Saturday, January 16, 2010

A Rough Few Days-- where is the Pony

I am optimist.  One of my favorite lines is from an old joke.   I don't even remember the whole joke anymore.  Part of it is that two children come home to find their Dad has filled two bedrooms with manure as a present for each of them (I always forget why, I think they were spoiled and he wanted to teach them a lesson).  One child, walks away in disgust.  The other starts digging.  The father asks, "why are you digging?"  The child responds,  "with all this *&;%#,  there must be a pony in here somewhere."

So, Ken and I joke about the pony whenever things are tough. I say, "there must be a pony in here somewhere." I am always looking for the pony.   


I have had a rough few days.  I am tired, tired enough that my son asked me if I was on pain killers this morning or if I was just spacey.  No pain killers yet today; just lack of sleep.   Only three hours last night.   That is not enough even for me. The side effects have been worse than I expected.  Lots of bone pain, body aches, upset stomach.  Worse than the worst flu I have ever had.  I have no energy and am feeling sorry for myself.
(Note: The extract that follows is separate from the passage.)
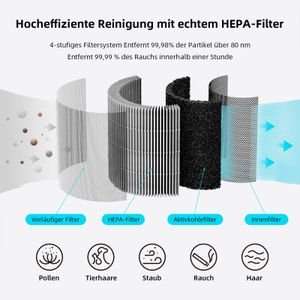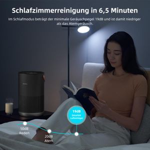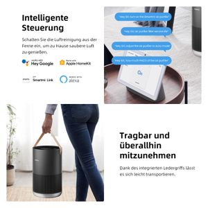 Vier Filterstufen inklusive Aktivkohle arbeiten gegen Gerüche aus Küche oder Tabakrauch. Im Schlafmodus bleibt’s bei 19 dB leiser als Flüstern, ideal für ungestörte Nächte. Der integrierte Ledergriff macht ihn mobil: Einfach vom Wohnzimmer ins Homeoffice tragen.

Sorry, don't mean to scare anyone.  I think other people don't have this many issues.   I hope anyway.   The nurses have been great.  They have changed my medications twice the last couple days to try and find what will work best.  The next time will be easier they say because we will start with the right combination.  They also think my body will adjust and get used to this. I asked why this many symptoms this early?  They originally told me the side effects wouldn't kick in until around 7 days.  Bone pain is different and happens within a day or two.  I think they forget to mention that one.  I asked, "what symptoms are next?"  And one nurse responded, "hopefully nothing." 

I sat this morning and wondered if she was blatantly lying but I am thinking the pony must be visiting her house.

I will do yoga today and stretch, as soon as my stomach settles down.  That will help.  then I will sleep as much as I can with the help of a pain killer, if I need it.

1 comment:

  1. Hey girl,

    This is an unbelievable account. What a trooper you are: So brutally honest, and such a great writer! I have been off the ATSI list, so just heard about your "fight" last week. (Ashley, my call center manager, monitors the list and sends me weekly summaries) Anyway, you are the 3rd friend diagnosed with breast cancer in 3 months. This darn disease is everywhere, and I am so sorry you have to go through this!
    We missed you last week at the owners forum. I am sure Randy told you; Tyler's presentation on Day 1 was pretty lame, but Patrick Heath was fantastic! I am working with renewed energy on my one page strategic plan, this time I am sticking to it.
    Ok girl, please know I'm pulling for you, take good care of you!